**Dataset records:**
==*==
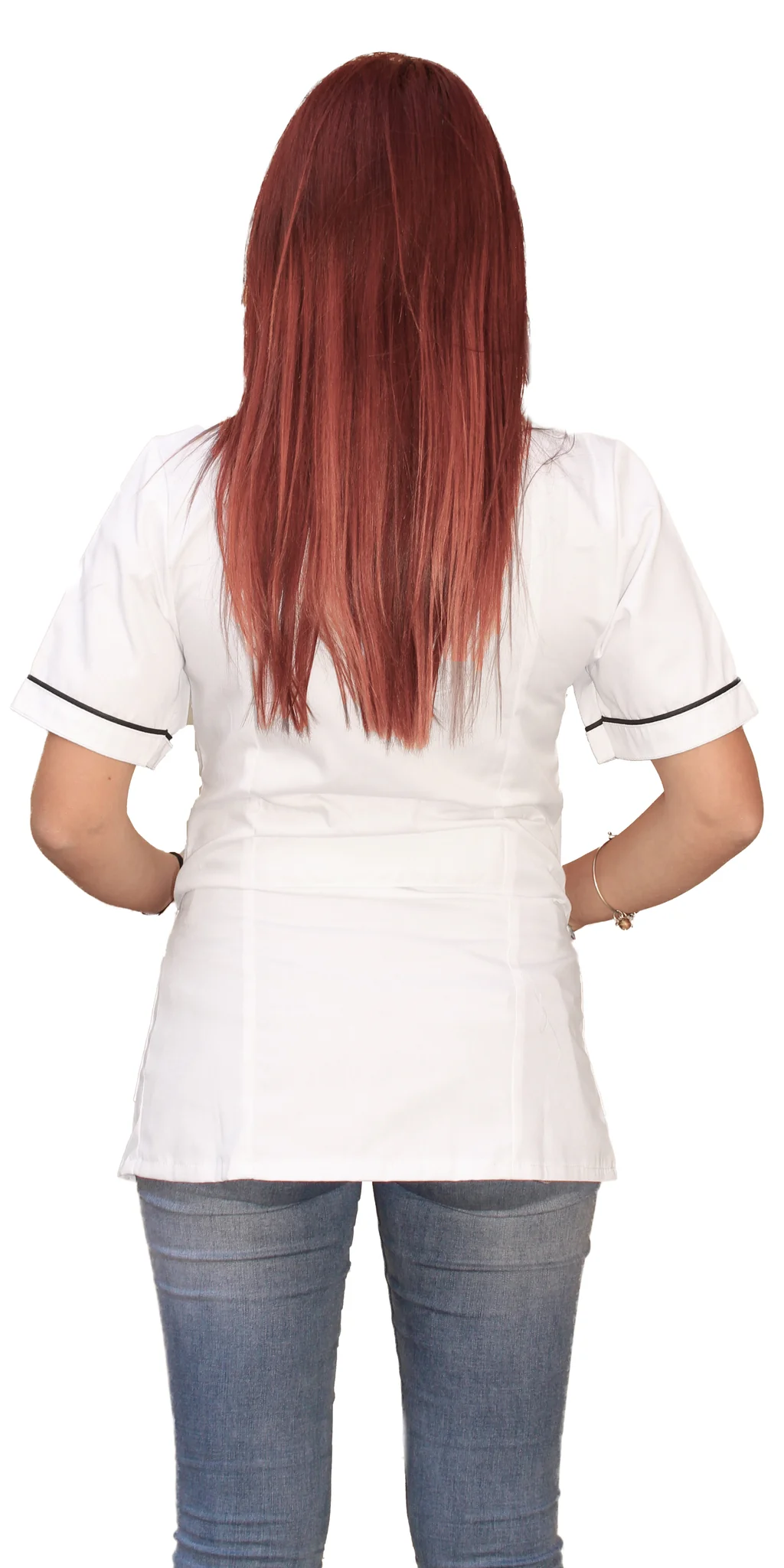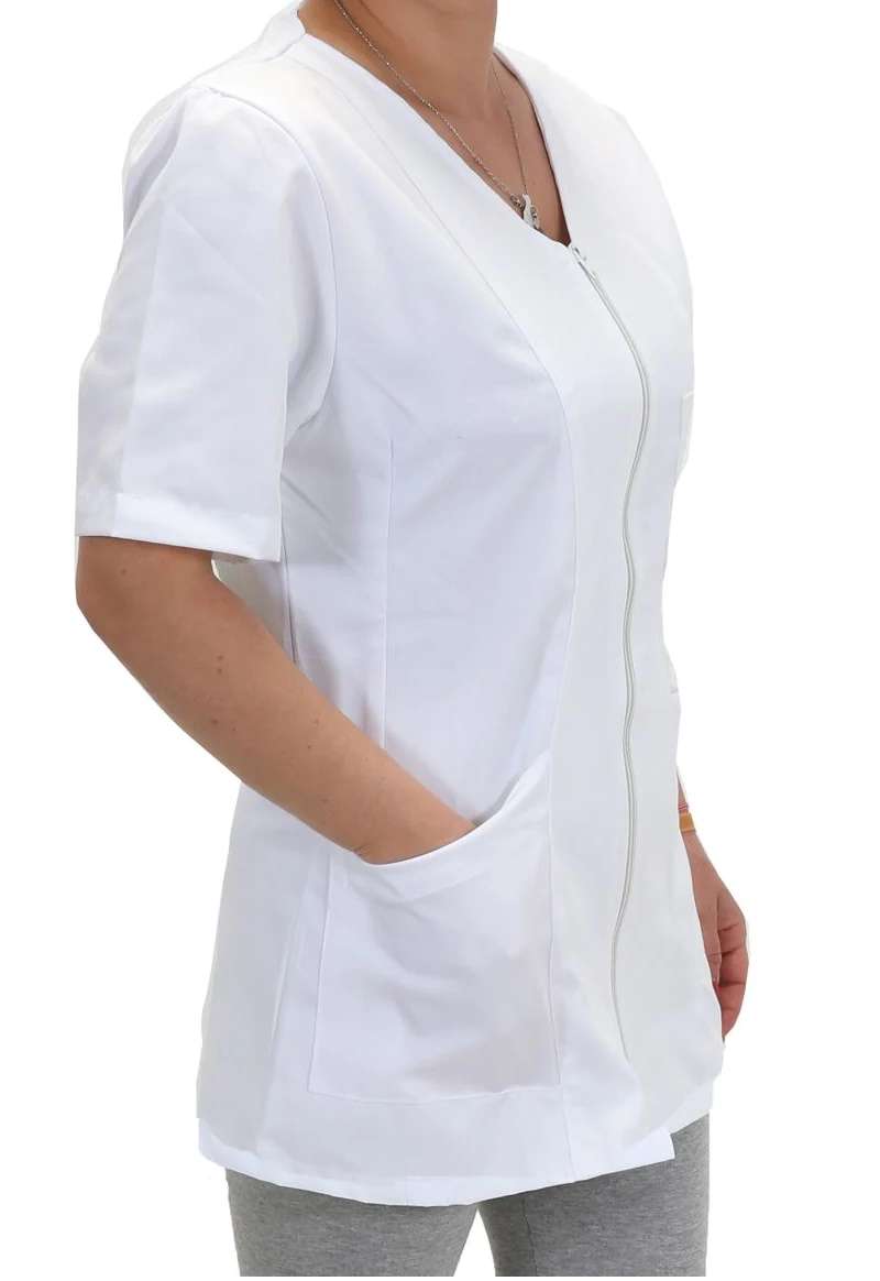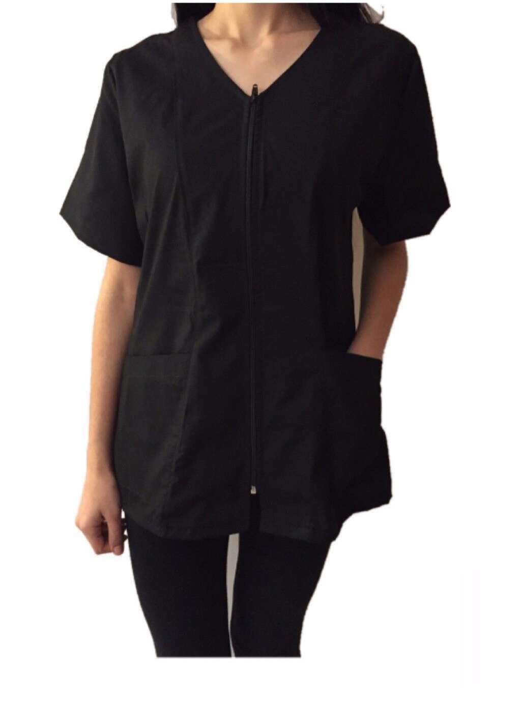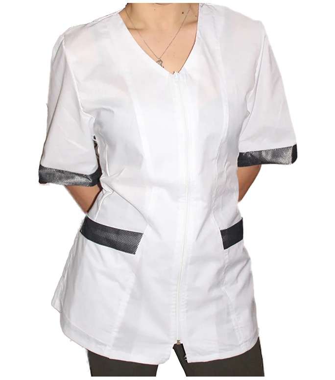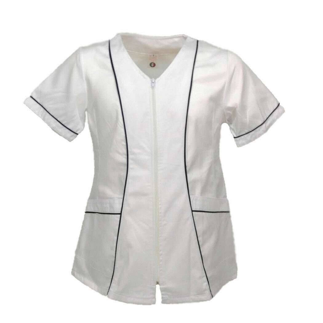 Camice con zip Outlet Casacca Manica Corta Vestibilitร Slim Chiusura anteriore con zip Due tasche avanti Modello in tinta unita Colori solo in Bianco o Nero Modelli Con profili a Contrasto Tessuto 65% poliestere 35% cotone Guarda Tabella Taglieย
==*==
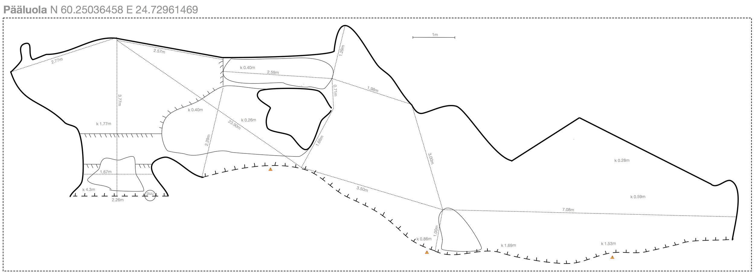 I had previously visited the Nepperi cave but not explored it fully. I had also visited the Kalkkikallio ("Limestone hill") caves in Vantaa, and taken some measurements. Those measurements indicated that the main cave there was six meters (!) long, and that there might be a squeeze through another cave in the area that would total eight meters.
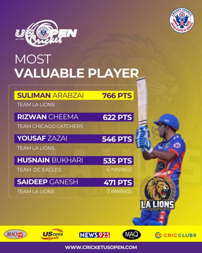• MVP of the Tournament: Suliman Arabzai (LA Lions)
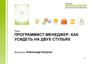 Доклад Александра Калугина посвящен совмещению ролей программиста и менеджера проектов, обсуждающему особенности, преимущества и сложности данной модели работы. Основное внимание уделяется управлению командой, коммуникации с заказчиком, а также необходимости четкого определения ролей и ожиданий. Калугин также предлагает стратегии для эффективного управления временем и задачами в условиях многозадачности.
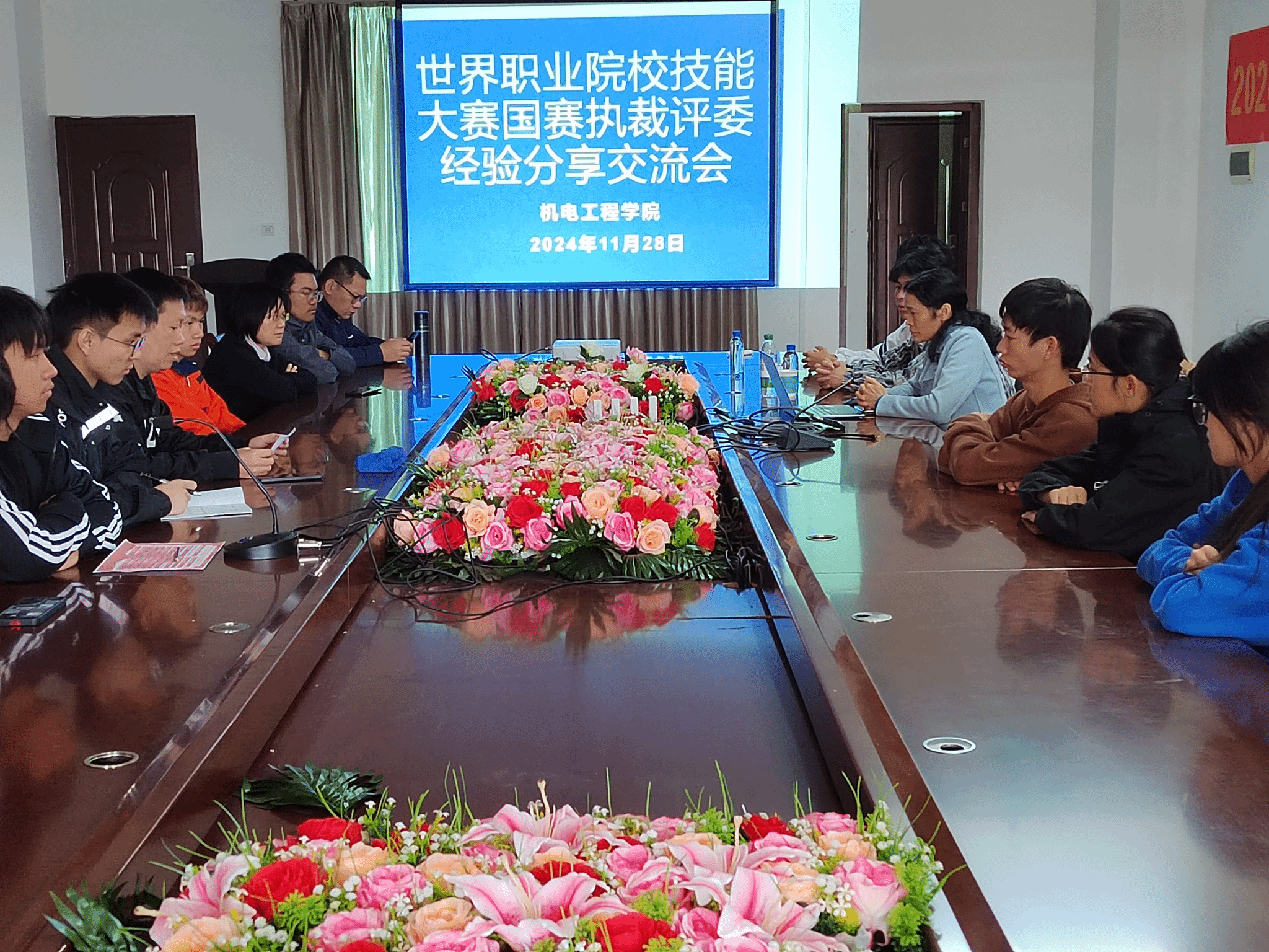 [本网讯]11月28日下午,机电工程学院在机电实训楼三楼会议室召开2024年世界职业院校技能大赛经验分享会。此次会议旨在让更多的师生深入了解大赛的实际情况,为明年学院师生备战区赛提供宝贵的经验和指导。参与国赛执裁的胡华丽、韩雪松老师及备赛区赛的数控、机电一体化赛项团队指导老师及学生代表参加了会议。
==*==
Only the lines between the one with "I had previously" and the one with "Arabzai (LA Lions)", those two included, get copied from the material above. Keep it exact and free of pictures.

 I had previously visited the Nepperi cave but not explored it fully. I had also visited the Kalkkikallio ("Limestone hill") caves in Vantaa, and taken some measurements. Those measurements indicated that the main cave there was six meters (!) long, and that there might be a squeeze through another cave in the area that would total eight meters.
• MVP of the Tournament: Suliman Arabzai (LA Lions)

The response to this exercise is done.